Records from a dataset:
------------------------------------------------------------

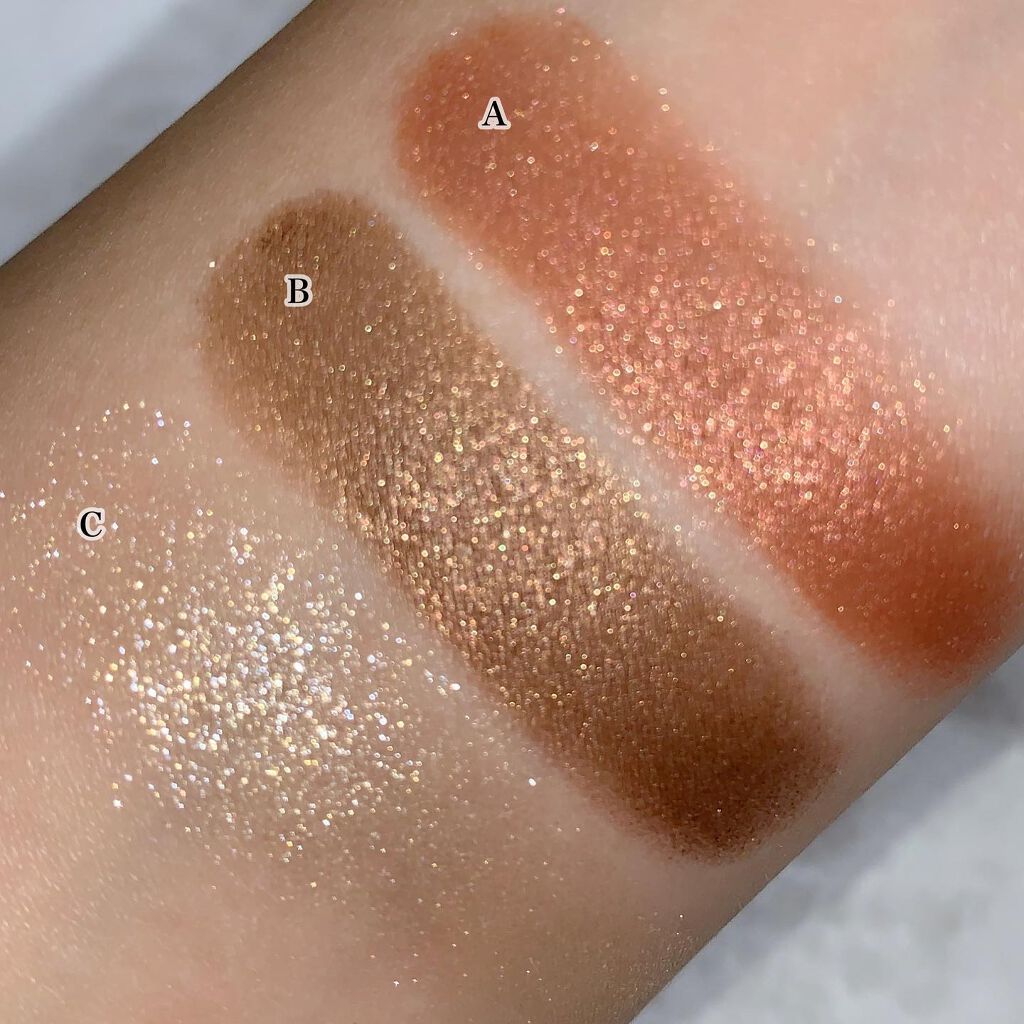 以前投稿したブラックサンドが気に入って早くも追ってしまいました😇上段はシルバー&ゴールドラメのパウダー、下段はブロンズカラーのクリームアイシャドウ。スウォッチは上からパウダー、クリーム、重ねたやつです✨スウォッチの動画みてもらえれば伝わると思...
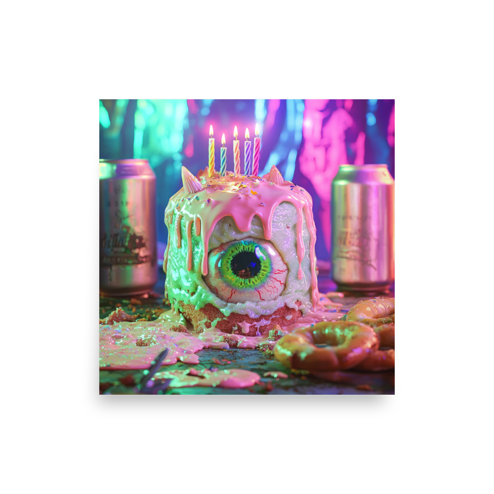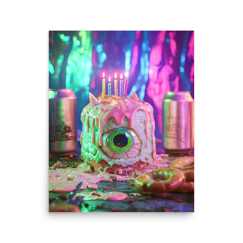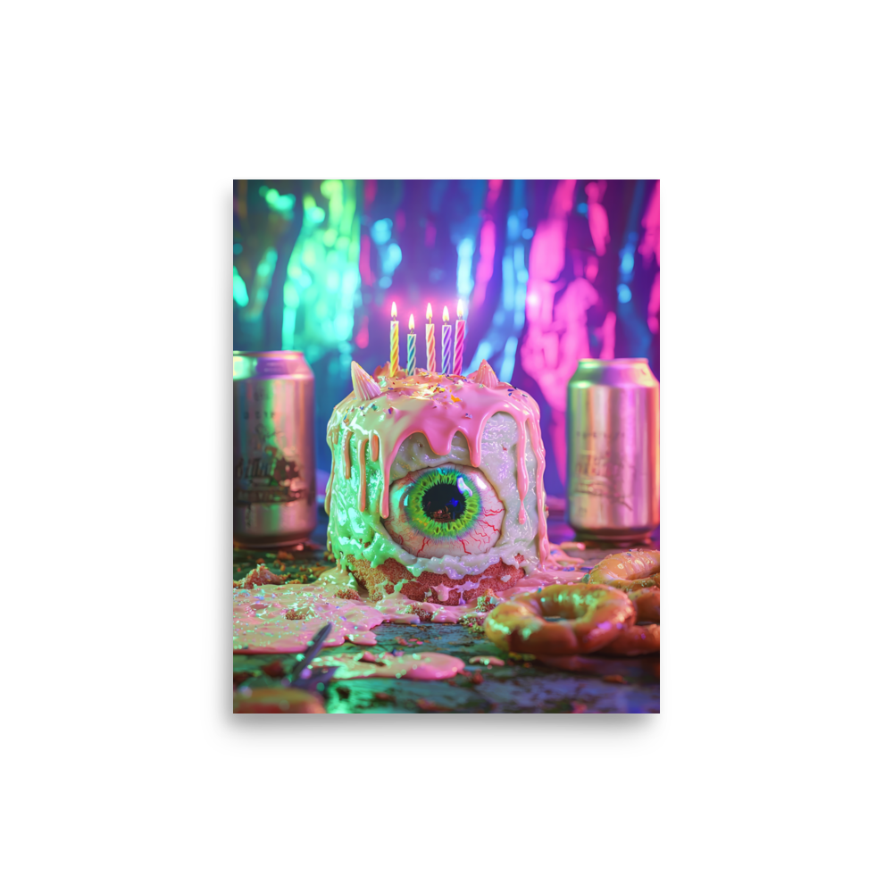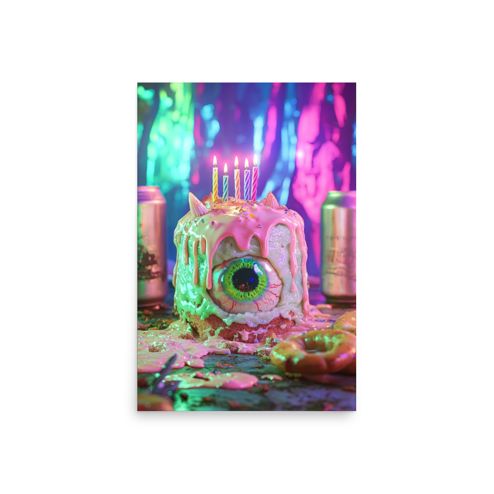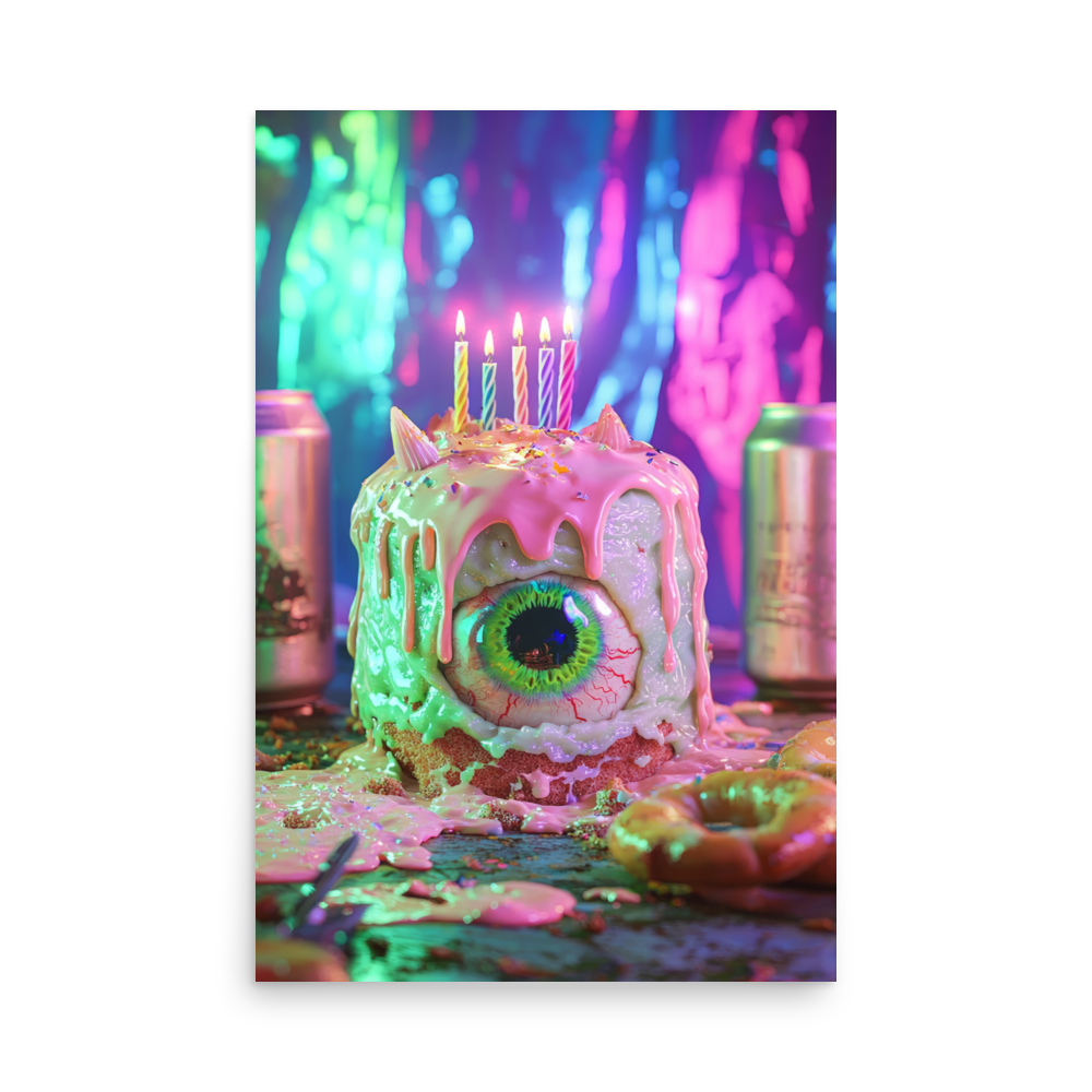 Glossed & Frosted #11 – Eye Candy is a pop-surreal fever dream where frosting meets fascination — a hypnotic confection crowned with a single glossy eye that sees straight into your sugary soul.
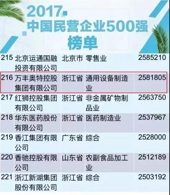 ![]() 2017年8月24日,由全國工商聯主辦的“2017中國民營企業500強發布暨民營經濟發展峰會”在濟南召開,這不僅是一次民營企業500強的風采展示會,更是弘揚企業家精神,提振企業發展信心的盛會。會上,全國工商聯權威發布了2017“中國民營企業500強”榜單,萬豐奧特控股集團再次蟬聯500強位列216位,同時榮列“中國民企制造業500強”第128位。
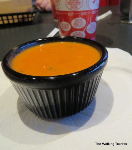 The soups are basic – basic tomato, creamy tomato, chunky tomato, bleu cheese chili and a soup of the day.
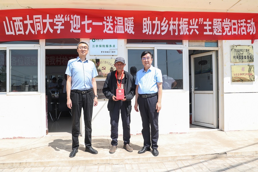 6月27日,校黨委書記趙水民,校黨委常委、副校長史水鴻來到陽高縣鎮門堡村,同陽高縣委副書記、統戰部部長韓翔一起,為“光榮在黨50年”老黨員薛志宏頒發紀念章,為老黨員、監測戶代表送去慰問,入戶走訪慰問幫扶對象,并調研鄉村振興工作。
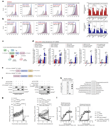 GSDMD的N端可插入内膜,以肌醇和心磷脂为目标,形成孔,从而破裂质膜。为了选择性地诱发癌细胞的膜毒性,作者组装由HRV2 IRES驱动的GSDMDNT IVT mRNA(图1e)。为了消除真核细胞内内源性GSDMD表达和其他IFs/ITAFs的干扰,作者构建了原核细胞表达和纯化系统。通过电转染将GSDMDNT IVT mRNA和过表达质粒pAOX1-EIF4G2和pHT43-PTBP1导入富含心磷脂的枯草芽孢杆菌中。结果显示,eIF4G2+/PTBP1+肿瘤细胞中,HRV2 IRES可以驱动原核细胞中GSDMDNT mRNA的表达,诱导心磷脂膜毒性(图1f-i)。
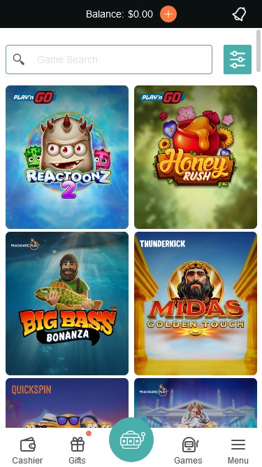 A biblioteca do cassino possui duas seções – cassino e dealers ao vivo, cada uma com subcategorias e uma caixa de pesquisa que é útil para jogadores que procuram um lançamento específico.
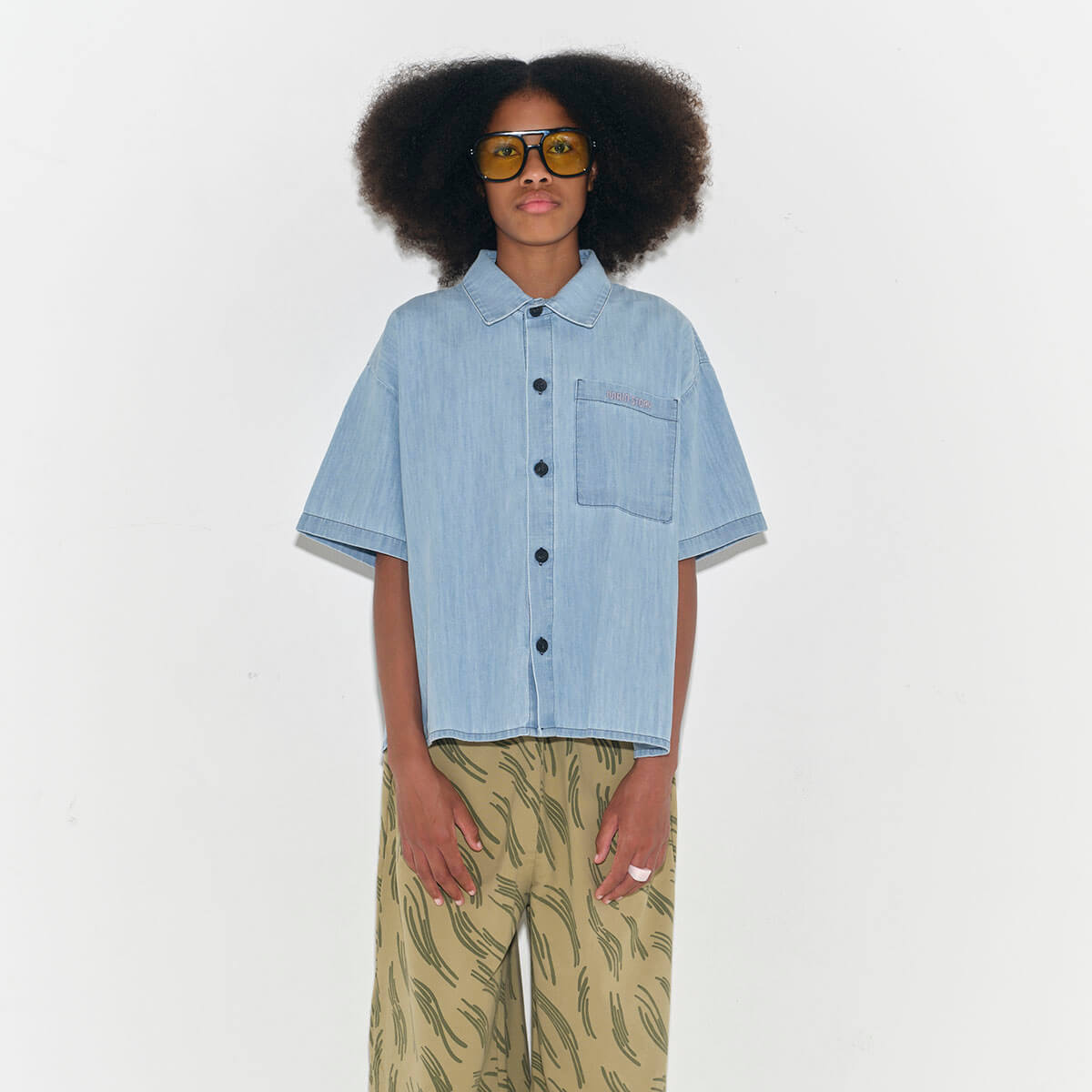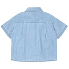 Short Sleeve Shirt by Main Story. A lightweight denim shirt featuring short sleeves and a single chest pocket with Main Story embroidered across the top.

------------------------------------------------------------

Reproduce exactly, and only, the lines that begin at the one containing "A biblioteca do" and end with the final line of the data, both included, while omitting every picture.

## RESPONSE AREA:
 A biblioteca do cassino possui duas seções – cassino e dealers ao vivo, cada uma com subcategorias e uma caixa de pesquisa que é útil para jogadores que procuram um lançamento específico.
 Short Sleeve Shirt by Main Story. A lightweight denim shirt featuring short sleeves and a single chest pocket with Main Story embroidered across the top.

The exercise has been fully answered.